Professor Dr.-Ing. Christoph Seeßelberg ist Experte für Stahlbau und Kranbau. Als Professor für Baustatik und Stahlbau war er zunächst 17 Jahre lang an der Hochschule München tätig. Im Jahr 2012 wurde er als Präsident an die Spitze der Fachhochschule Köln berufen.

Für den Bundesanzeiger Verlag betreut er die Kapitel zu den Themen „Stahlbau“ und „Kranbahnen“ in den Schneider Bautabellen (Kapitel 8 A und 8 B). Seit 13 Jahren bringt er sein Expertenwissen dort ein. Thematisch immer auf dem neuesten Entwicklungsstand zu sein, ist ihm ein wichtiges Anliegen. In den letzten beiden Ausgaben der Schneider Bautabellen stand die Umstellung auf die Eurocodes im Vordergrund. Nun geben die Tabellen die Eurocode-Standards wider. Das war viel Arbeit, berichtet er im Interview, der er sich aber sehr gerne gestellt hat. 

Redaktion Bautechnik: Herr Prof. Seeßelberg, seit 2001 wirken Sie als Autor bei den Schneider Bautabellen mit. Wie organisieren Sie Ihre Tätigkeit als Autor?

Prof. Christoph Seeßelberg: Da meine spannende Tätigkeit an der Fachhochschule Köln sehr viel Zeit beansprucht, bin ich vorwiegend an Wochenenden als Autor für die Bautabellen tätig. Die Autorentätigkeit ist ein wunderbarer Ausgleich für die herausfordernden Aufgaben in der Hochschulleitung.

Redaktion Bautechnik: Die Umstellung auf die Eurocodes spielte bei den letzten beiden Auflagen der Schneider Bautabellen eine große Rolle. Welche Entwicklungen zeichnen sich im Stahlbau und Kranbau Ihrer Meinung nach in naher Zukunft ab?

Prof. Christoph Seeßelberg: Die Eurocodes werden uns auch bei den nächsten Ausgaben der Bautabellen beschäftigen: denn nachdem die ersten Erfahrungen mit den neuen Normen vorliegen, wird es neue Normenausgaben geben müssen, in denen bekannt gewordene Fehler ausgemerzt werden. Auch nicht praxistaugliche Regeln in den Eurocodes müssen vor allem verbessert werden. Hier erinnere ich z.B. an die „Initiative praxisgerechte Regelwerke im Bauwesen e.V.“

Redaktion Bautechnik: Als Präsident der Fachhochschule Köln haben Sie nun eine Position im Management und nicht mehr in der Lehre. Was reizt Sie besonders an dieser Aufgabe?
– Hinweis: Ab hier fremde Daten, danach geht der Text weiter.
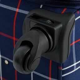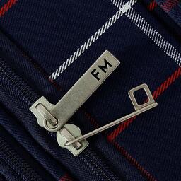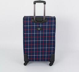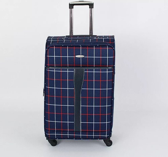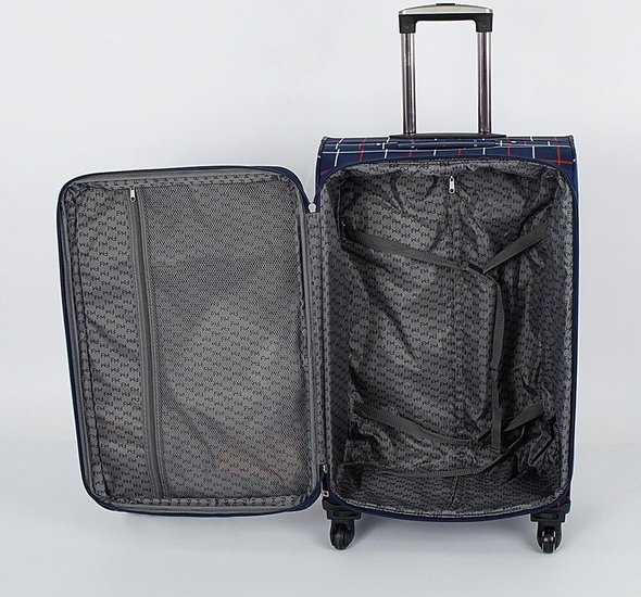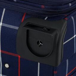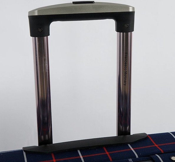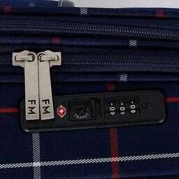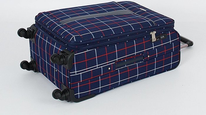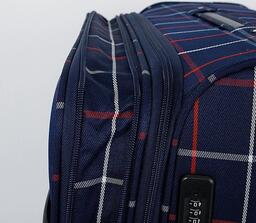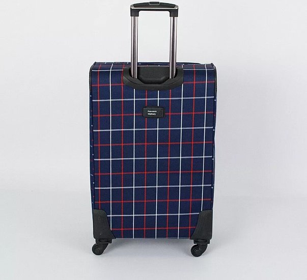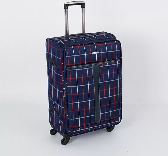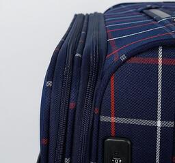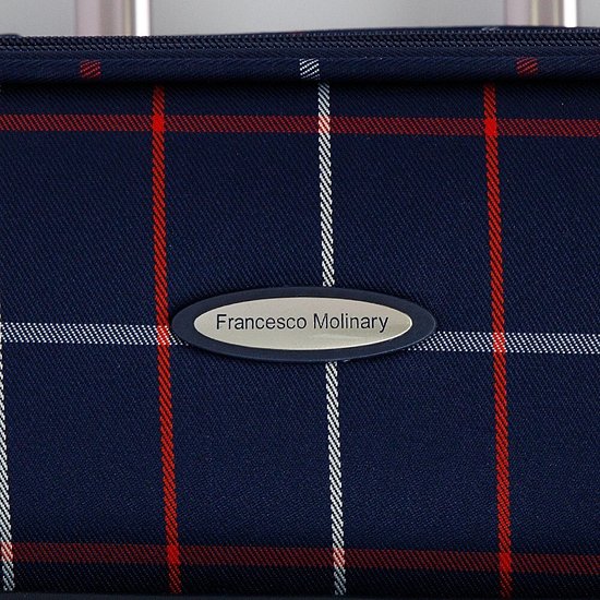 Маневренный чемодан-спиннер от торговой марки Francesco Molinary выполнен из плотного текстильного материала синего цвета в красно-белую клетку. Декорирован вставками из искусственной кожи с контрастной отстрочкой. Модель на четырех съемных пластиковых колесах, с выдвижной металлической ручкой, ручками сверху и сбоку, пластиковыми ножками-опорами сбоку. Закрывается двойной антивандальной молнией, имеется кодовый замок TSA. Внутри: фирменная подкладка, на крышке – карман-сетка на молнии, в глубоком отделении – фиксирующие ремни для багажа. Имеется раздвижка на молнии для увеличения объема. На лицевой стороне – карман на молнии, на задней – адресная бирка.Маневренный чемодан-спиннер от торговой марки Francesco Molinary выполнен из плотного текстильного материала синего цвета в красно-белую клетку. Декорирован вставками из искусственной кожи с контрастной отстрочкой. Модель на четырех съемных пластиковых колесах, с выдвижной металлической ручкой, ручками сверху и сбоку, пластиковыми ножками-опорами сбоку. Закрывается двойной антивандальной молнией, имеется кодовый замок TSA. Внутри: фирменная подкладка, на крышке – карман-сетка на молнии, в глубоком отделении – фиксирующие ремни для багажа. Имеется раздвижка на молнии для увеличения объема. На лицевой стороне – карман на молнии, на задней – адресная бирка.

Prof. Christoph Seeßelberg: Die Möglichkeit, gemeinsam mit den Mitgliedern des Präsidiums und der Hochschule in die Zukunft aufbrechen zu können, ist äußerst reizvoll. Das bedeutet für die Fachhochschule Köln, den Empfehlungen des Wissenschaftsrats zur Differenzierung der Hochschulen aus dem Jahr 2010 zu folgen und sich zu einer Hochschule neuen Typs jenseits der herkömmlichen Typen Universität und Fachhochschule weiterzuentwickeln, einer Hochschule also, die bisherige Stärken – z.B. ihren Praxisbezug – mit universitären Profilelementen – z.B. Personalstrukturen in forschungsaktiven Bereichen – kombinieren möchte. Da das neue Nordrhein-Westfälische Hochschulgesetz noch am binären Typenzwang festhält, liegt da noch eine Wegstrecke vor uns.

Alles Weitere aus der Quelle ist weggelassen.